Two-way price action before and after strong(ish) NFP
* Strong jobs report likely to keep Fed on hold for a while longer
* USD steady after choppy price action, AUD outperforms on RBA comments
* US stocks flat on payrolls surprise, UK’s FTSE 100 posts more record highs
* Fed official warns against rate cuts amid “hot” inflation
FX: USD was whippy with an intraday top at 97.27 made on the release of the stronger than expected monthly jobs data. But the index printed a doji with prices settling very near the middle of a wide range day. The headline at 130k smashed the consensus 65k estimate with only very minor revisions to the prior two months, while the jobless rate came in one-tenth lower at 4.3% and wage growth one-tenth higher at 0.4% m/m. That said, aside from three sectors (government, leisure, education and healthcare) the economy has actually lost jobs in recent months. The benchmark revisions were also grim as predicted, down 862k so above Fed Chair Powell’s 60k per month expectation. Rate cut bets did shift, with the next fully priced 25bps now seen in July, rather than June ahead of the data, though there’s still 51bps priced in for 2026.

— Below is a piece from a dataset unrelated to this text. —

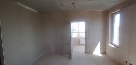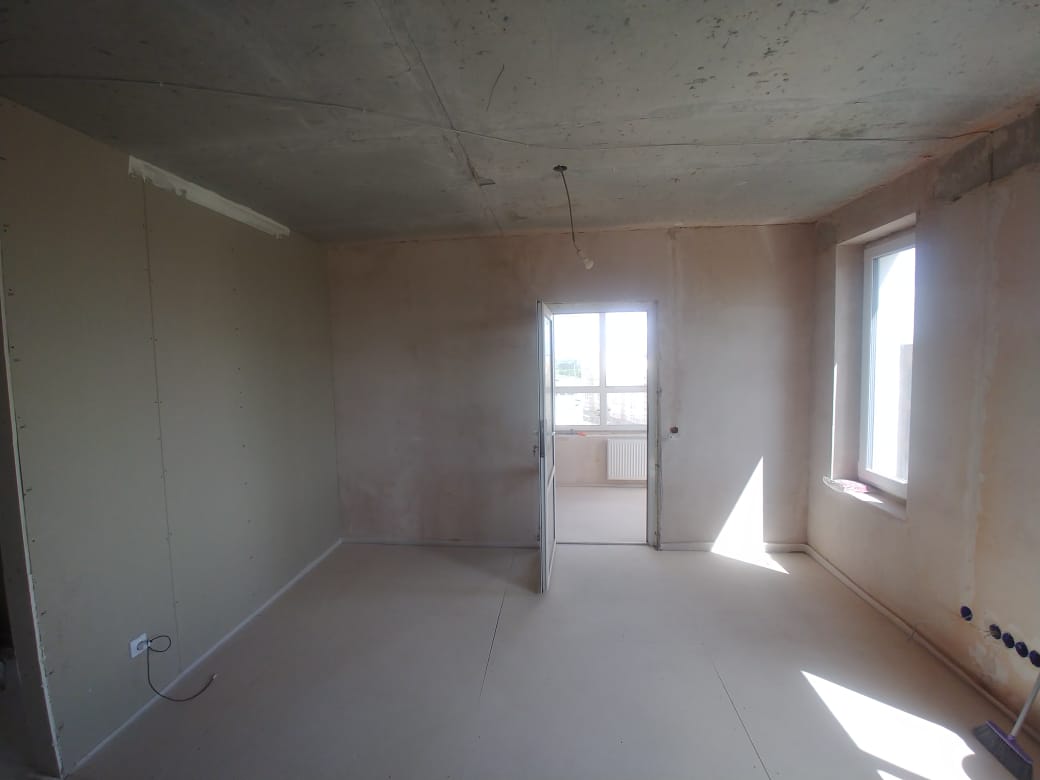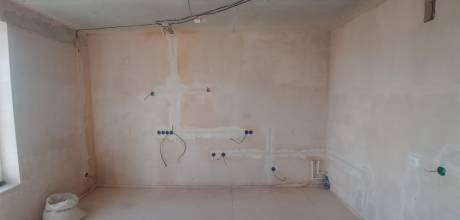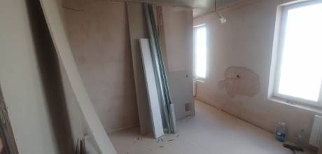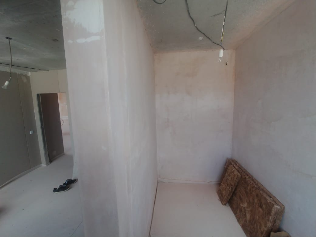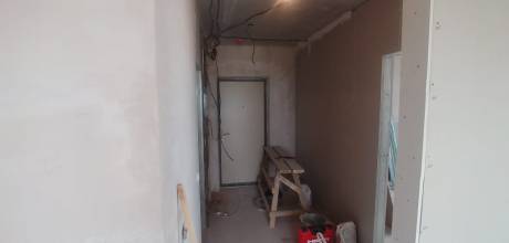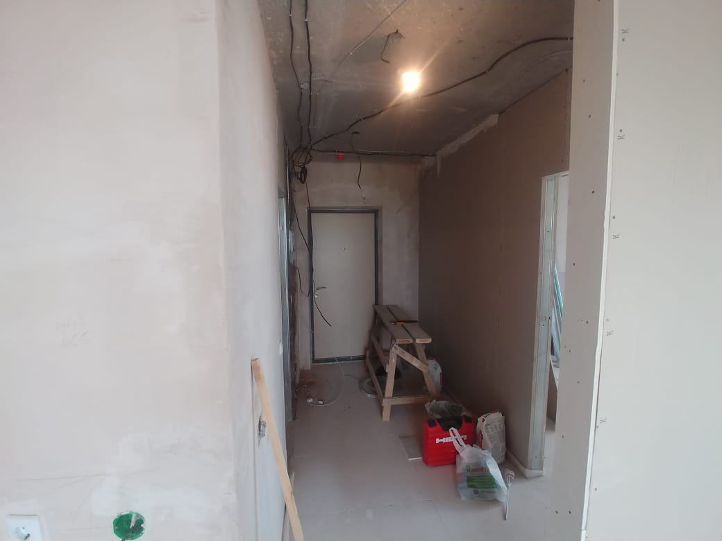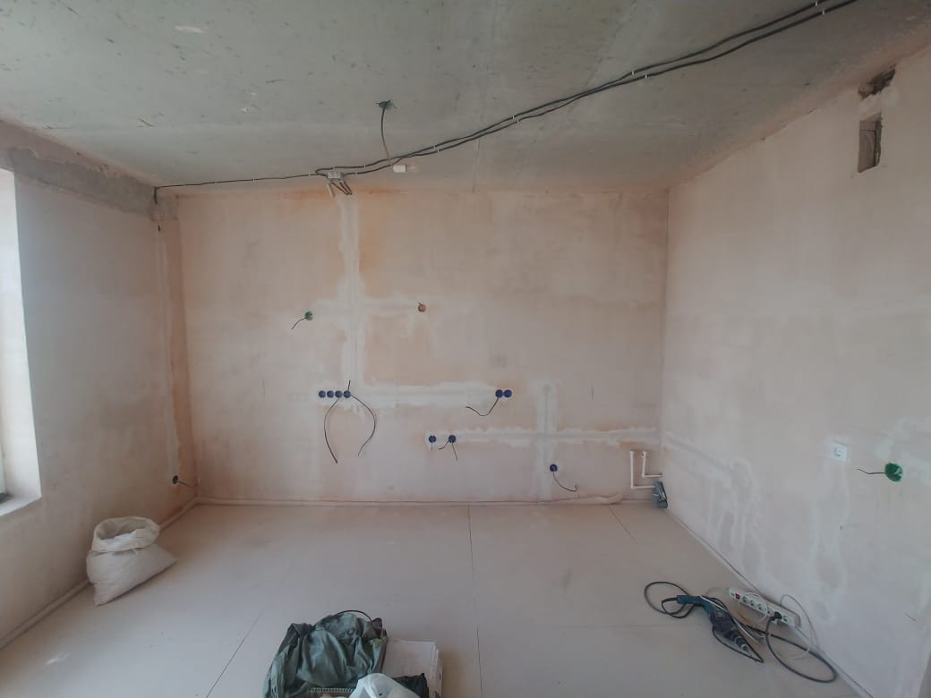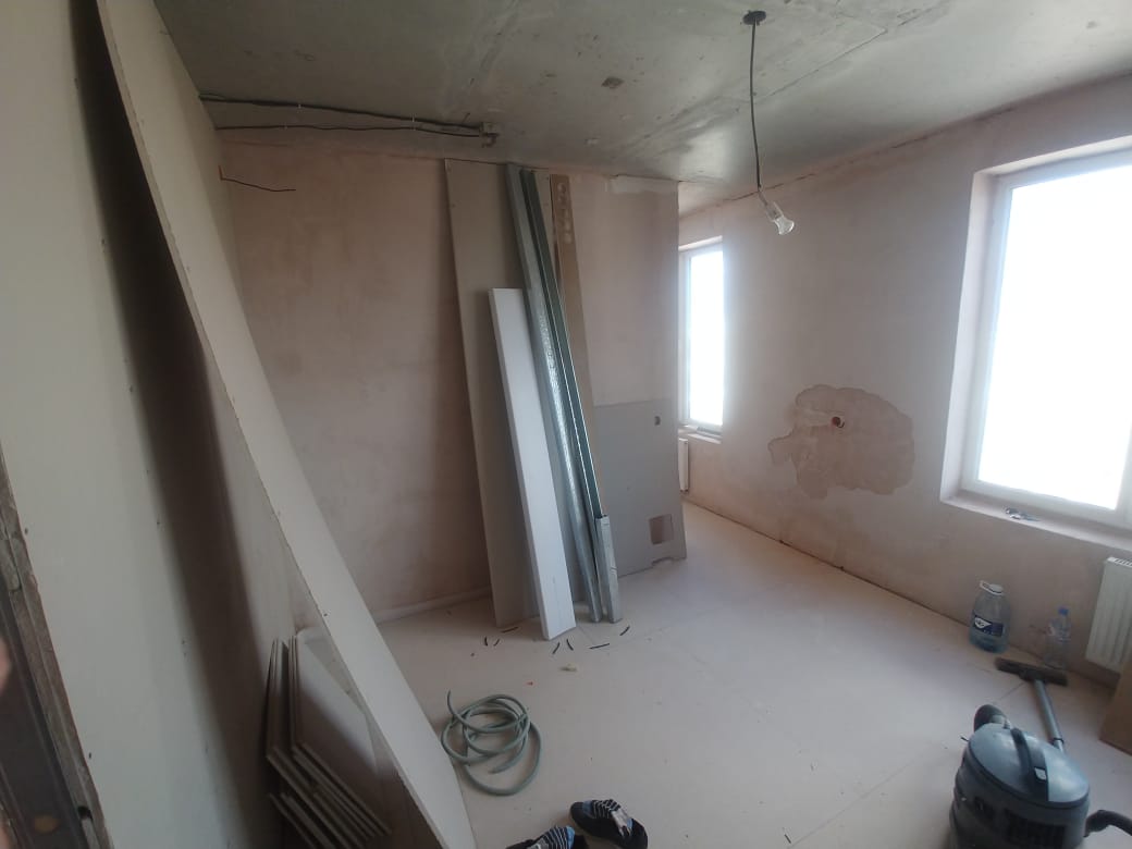 Примерная площадь стен 120 м2. Оштукатуренные стены выровнять в зоне кухни и кабинета (маленький закуток с утеплителем на фото). И в четырёх местах заново оштукатурить, т.к. от застройщика штукатурка отпала. Ну и потом зашпаклевать гипсокартонные стены и всю квартиру подготовить под поклейку обоев.

EUR stalled at the September cycle high at 1.1918. The late January top resides at 1.2082. Sentiment is the current theme with central bank policy offering mild support to the ECB, even with yesterday’s stronger US jobs data. The outperformer of the year, CHF, was dented by the NFP figures as the dollar climbed for a third straight day.
GBP was mid-pack with sterling eking out a small loss versus the dollar. An easing in political uncertainty helped, though hurdles loom for PM Starmer to negotiate. Q4 GDP is released today with April rate cut odds high.
JPY gained big for a third straight day, outperforming its peers again as prices fell sharply below the 100-day SMA at 154.50. The relief rally post Sunday’s election from the stability and credibility message from Takaichi is still boosting the yen. JGB yields are steady and the bull target is the late January lows around 152.14/09. The 200-day SMA is well below at 150.41.
AUD made fresh near 4-year cycle highs at 0.7143 after supportive comments from RBA Deputy Governor who said…“many parts of the economy are doing quite well.” Prices are overbought on the weekly chart.
US stocks: S&P 500 was flat and closes at 6,941, the Nasdaq was up 0.29% at 25,201 and the Dow Jones was lower by 0.13% at 50,121. There was mixed sector performance with Energy, Consumer Staples and Materials leading the gains, while Financials and Communication Services were again the underperformers, with Consumer Discretionary the only other sector in the red. Energy stocks tracked crude prices higher, while financials were weighed on continued AI disruption concerns. Shopify saw a top line beat and buyback, opened sharply higher before closing down 6.7%. Robin Hood lost 8.9% as revenue came in short with both crypto and options trading revenue light. Ford beat on revenue and guided stronger profits in 2026 highlighting better cost controls; the share settled 2% higher.
Asian stocks: Futures are mixed. APAC stocks traded higher, but gains were capped after the weak US handover ahead of NFP. Liquidity was thin due to a Japanese market holiday. The ASX 200 outperformed with the index led higher by the top-weighted financial sector. Australia’s biggest lender and company by market cap, CBA, rallied following a 5% increase in first half profits. The Hang Seng and Shanghai Comp were kept afloat following the PBoC’s recent pledge to continue implementing an appropriately loose monetary policy However, upside was limited on the mixed Chinese inflation data.
Gold ticked higher with the intraday top at $5,119 made just before the NFP release. Prices moved off their highs but momentum is mildly bullish for more gains and two steady days of gains.
Day Ahead – UK GDP
UK Q4 GDP is expected at 0.1% q/q and 1.3% y/y, while December growth is forecast to rise 0.3% from 0.1%. The restart of car production at Jaguar Land Rover boosted Q4 but now means a softer December print as that impact eases. Solid growth momentum should carry over into 2026 in the UK even though there is subdued sentiment amid loud political noise around PM Starmer’s position.
Regarding the BoE, policymakers are struggling to determine the extent of additional easing required, with a divided MPC. Last week’s dovish hold and surprise tight 5-4 vote split versus a consensus 7-2, brought forward expectations for a 25bps cut to April. However, the likelihood of an additional cut remains short of its January highs with markets currently only pricing about 20bpts of additional easing for 2026.
Chart of the Day – GBP/USD struggling to go higher
After pushing decisively in late January above the 200-day SMA, now at 1.3430, cable hit multi-year highs at 1.3868 with four strong days of buying as the dollar spiked lower. Prices then corrected through the minor Fib retracement level before finding support at the more important 38.2% Fib at 1.3540. Buyers stepped in here and the daily RSI ticked up higher from 50 denoting some bullish momentum. The major has now stalled up at the minor Fib in a near-term range between 1.3620 and 1.3730.